While Obama, who is meeting Erdogan at the United Nations this week, will resist such efforts, it nevertheless seems likely that their relationship will be strained by the Palestinian bid for UN recognition. Erdogan will be personally directing a major Turkish drive at the United Nations to maximize support for the Palestinians and intends to remind Obama of his pledge to support a two-state solution that would bolster their joint efforts in what the Turkish leader has been calling “the new Middle East.” However, Obama, who is due to also meet with Netanyahu, has already declared that he would use his veto if the issue comes up before the UNSC and seems certain to resist Erdogan’s arguments. Erdogan, in turn, will resist Obama’s advocacy of a softer Turkish line against Israel. In a preemptive move, Davutoglu discouraged Obama from even attempting to act as a mediator by saying bluntly that “No mediation is needed. The demands of Turkey are clear.”
To be sure, the current Turkish government’s drive to increase its profile and influence in the Middle East, coordinated to a considerable extent with the United States, predated the current crisis with Israel. Erdogan’s postelection victory speech on June 12, for example, stressed that the people across the region benefited from his reelection as much as Turkish citizens. Nevertheless, it is clear that stronger opposition to Israel further enhances Erdogan’s appeal to Arab public opinion, while making it difficult for Arab regimes—new as well as old—to resist his calls for closer cooperation or openly express concern about Turkish activism in the region.

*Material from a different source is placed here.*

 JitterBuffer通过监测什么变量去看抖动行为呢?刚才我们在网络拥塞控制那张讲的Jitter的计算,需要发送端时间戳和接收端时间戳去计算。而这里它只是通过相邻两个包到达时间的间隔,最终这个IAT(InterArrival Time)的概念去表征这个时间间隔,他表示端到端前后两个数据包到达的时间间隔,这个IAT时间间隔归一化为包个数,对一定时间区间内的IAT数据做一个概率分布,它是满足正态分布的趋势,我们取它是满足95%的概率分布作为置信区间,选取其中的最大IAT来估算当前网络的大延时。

As the new approach, which has the overwhelming support of the Turkish people, is perceived to bring regional benefits, it is difficult to see why Erdogan would abandon his policy of confronting Israel at the diplomatic, economic, legal, and even military levels in the foreseeable future. Consequently, Obama has a difficult hand to play with respect to U.S.-Turkish relations.
Bulent Aliriza is a senior associate and director of the Turkey Project at the Center for Strategic and International Studies in Washington, D.C.